◆ **DATA**
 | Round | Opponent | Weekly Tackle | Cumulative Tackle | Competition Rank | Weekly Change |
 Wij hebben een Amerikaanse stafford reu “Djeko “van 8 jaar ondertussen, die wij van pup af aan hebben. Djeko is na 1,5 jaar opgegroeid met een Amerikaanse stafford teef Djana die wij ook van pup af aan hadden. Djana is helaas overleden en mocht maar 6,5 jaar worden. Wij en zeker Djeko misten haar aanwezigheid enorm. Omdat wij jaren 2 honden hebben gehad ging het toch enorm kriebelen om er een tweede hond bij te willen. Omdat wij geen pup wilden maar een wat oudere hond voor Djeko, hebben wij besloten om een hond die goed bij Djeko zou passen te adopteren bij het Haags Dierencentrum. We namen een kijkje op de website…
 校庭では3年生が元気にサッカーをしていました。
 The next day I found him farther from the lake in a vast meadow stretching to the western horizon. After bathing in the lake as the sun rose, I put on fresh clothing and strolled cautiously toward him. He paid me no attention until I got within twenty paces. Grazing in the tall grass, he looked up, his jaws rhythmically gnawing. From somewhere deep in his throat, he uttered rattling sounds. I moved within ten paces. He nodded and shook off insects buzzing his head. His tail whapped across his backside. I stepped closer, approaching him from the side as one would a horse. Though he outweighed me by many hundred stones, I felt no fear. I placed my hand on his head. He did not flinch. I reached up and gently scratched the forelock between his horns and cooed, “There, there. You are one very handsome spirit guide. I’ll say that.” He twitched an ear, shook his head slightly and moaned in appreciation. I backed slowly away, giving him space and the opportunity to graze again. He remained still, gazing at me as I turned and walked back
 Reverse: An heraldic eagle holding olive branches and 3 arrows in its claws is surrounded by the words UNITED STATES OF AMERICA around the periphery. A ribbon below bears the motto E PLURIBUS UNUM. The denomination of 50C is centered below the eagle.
---
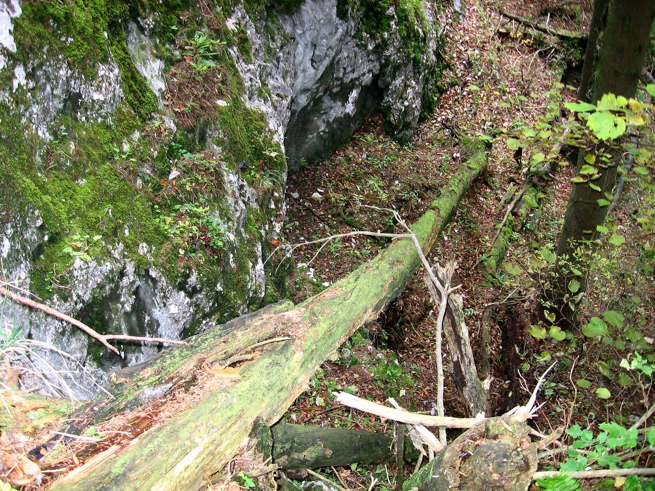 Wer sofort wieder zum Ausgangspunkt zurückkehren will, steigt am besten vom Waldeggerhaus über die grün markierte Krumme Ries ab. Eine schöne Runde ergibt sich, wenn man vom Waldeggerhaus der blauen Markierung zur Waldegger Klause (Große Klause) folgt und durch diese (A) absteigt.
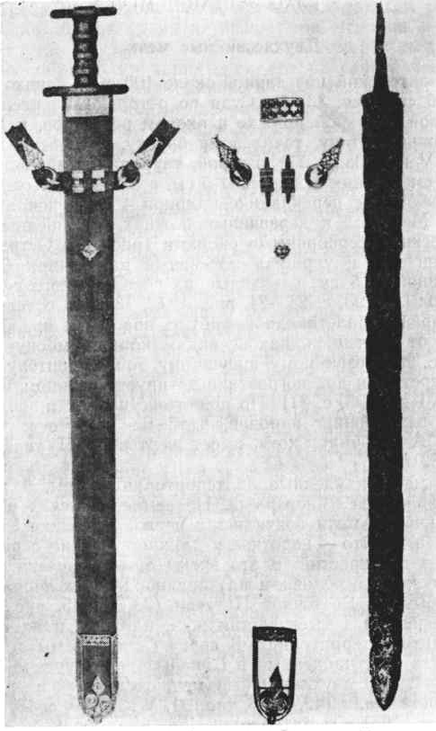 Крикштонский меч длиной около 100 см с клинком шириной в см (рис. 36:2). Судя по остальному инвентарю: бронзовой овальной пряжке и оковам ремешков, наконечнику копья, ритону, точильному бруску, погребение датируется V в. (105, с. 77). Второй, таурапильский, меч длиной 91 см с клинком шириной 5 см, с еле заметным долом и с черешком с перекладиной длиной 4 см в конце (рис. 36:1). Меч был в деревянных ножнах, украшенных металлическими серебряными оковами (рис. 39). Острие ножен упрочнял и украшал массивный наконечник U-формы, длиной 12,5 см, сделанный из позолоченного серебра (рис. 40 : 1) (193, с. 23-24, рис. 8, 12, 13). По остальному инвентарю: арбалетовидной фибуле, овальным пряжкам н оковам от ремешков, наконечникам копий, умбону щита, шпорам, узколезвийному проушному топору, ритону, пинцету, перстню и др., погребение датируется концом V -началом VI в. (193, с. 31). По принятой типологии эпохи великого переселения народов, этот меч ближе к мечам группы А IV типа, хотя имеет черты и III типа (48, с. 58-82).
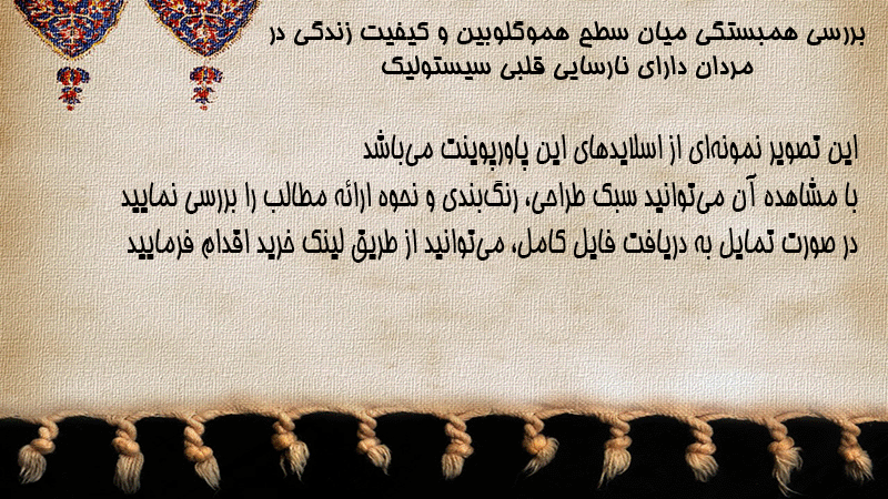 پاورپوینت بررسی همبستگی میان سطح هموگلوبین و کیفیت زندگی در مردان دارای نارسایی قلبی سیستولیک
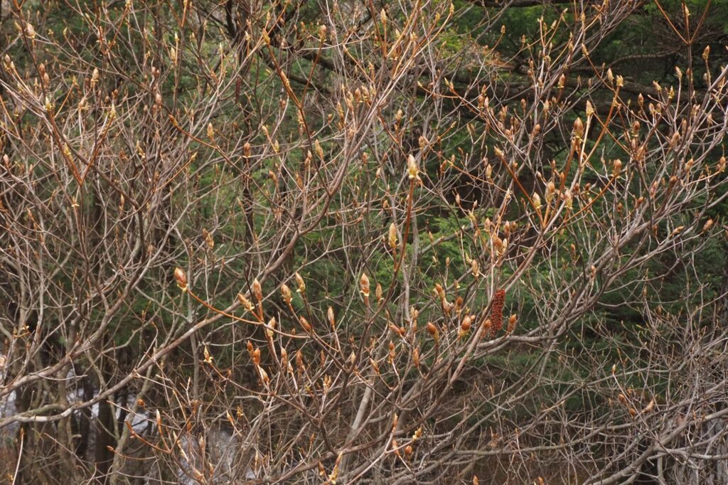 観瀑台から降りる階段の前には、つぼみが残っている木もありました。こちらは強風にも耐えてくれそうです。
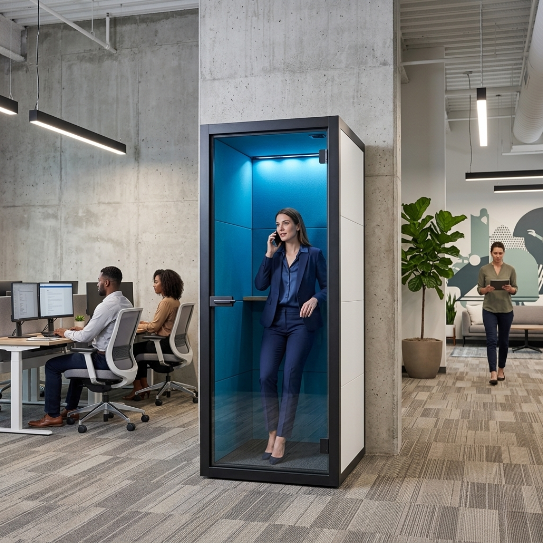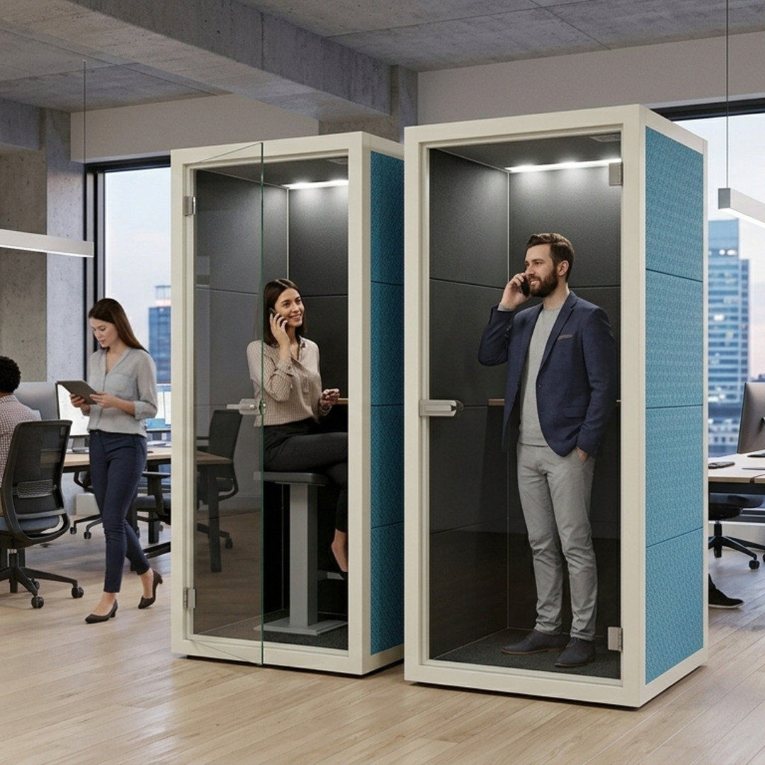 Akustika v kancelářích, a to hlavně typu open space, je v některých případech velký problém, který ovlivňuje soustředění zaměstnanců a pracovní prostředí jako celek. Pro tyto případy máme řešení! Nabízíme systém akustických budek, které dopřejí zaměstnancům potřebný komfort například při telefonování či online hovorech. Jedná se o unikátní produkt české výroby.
--
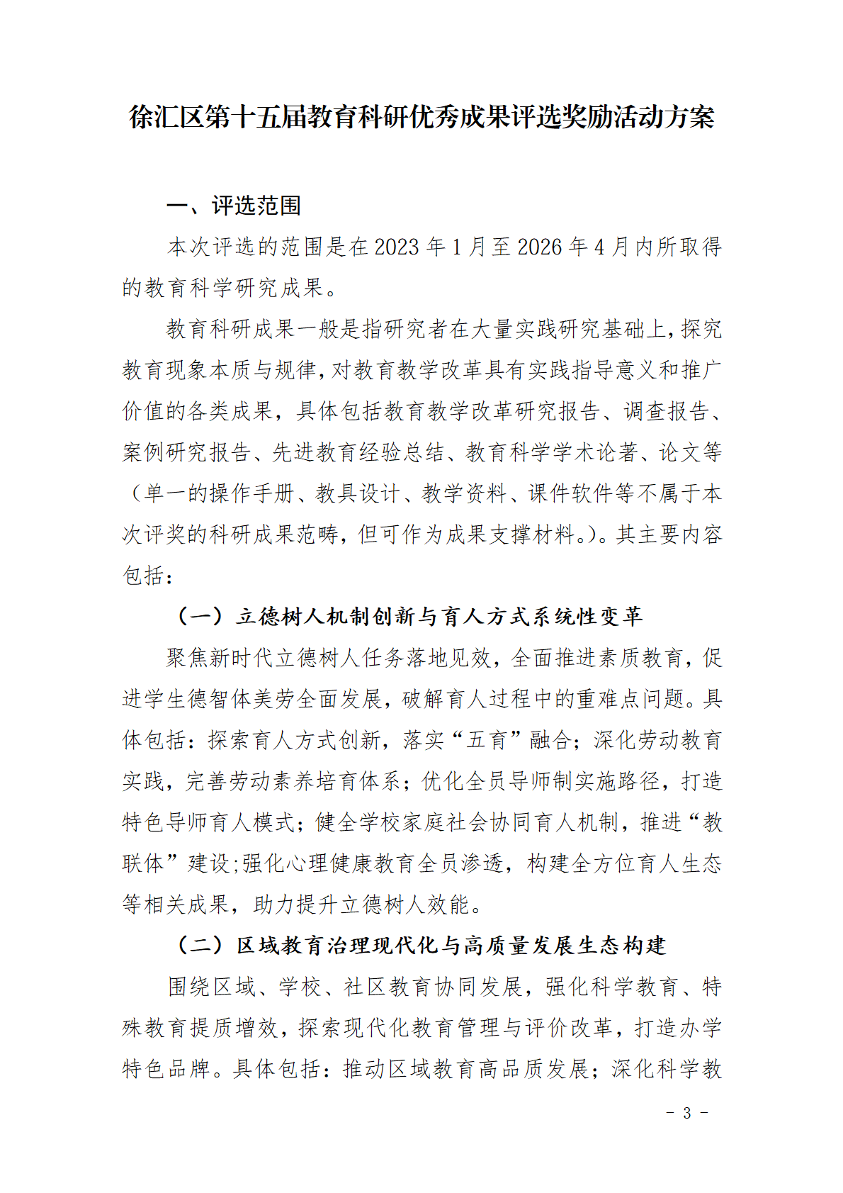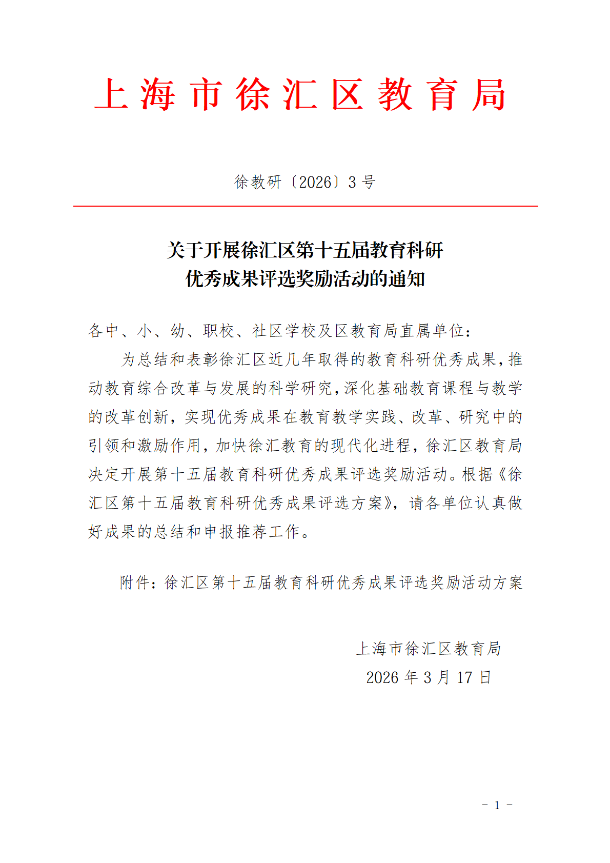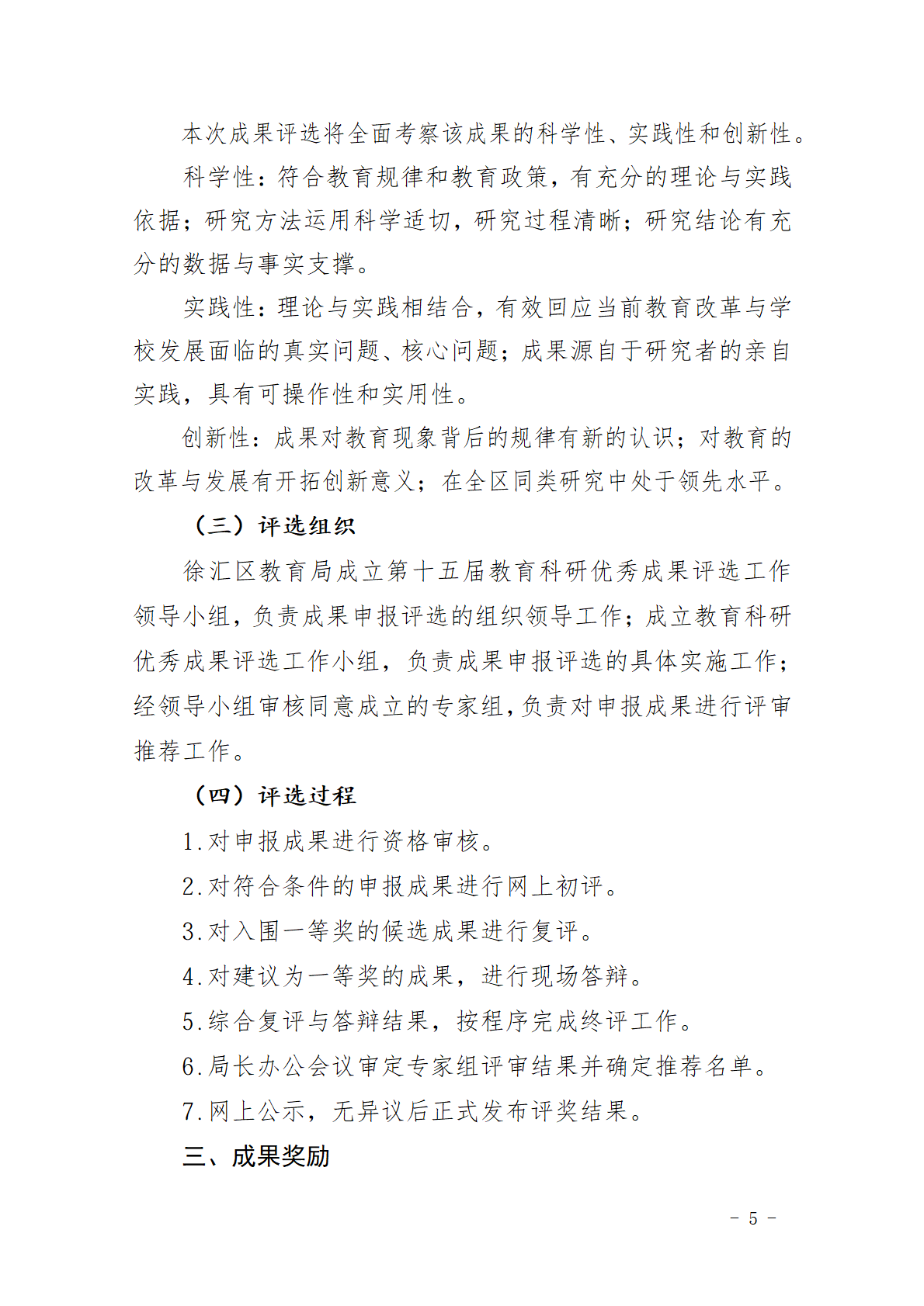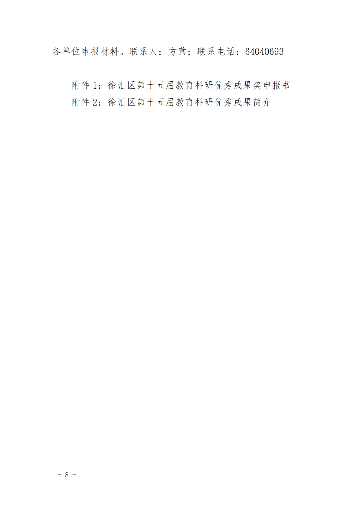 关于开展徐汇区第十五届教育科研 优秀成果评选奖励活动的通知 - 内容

◆ **PROBLEM REQUIREMENTS**
Within these entries, output exactly the lines starting at the one with "پاورپوینت بررسی همبستگی" and finishing at the one with "観瀑台から降りる階段の前には". Leave pictures out of the output.

◆ **SOLUTION TO THE EXERCISE**
 پاورپوینت بررسی همبستگی میان سطح هموگلوبین و کیفیت زندگی در مردان دارای نارسایی قلبی سیستولیک
 観瀑台から降りる階段の前には、つぼみが残っている木もありました。こちらは強風にも耐えてくれそうです。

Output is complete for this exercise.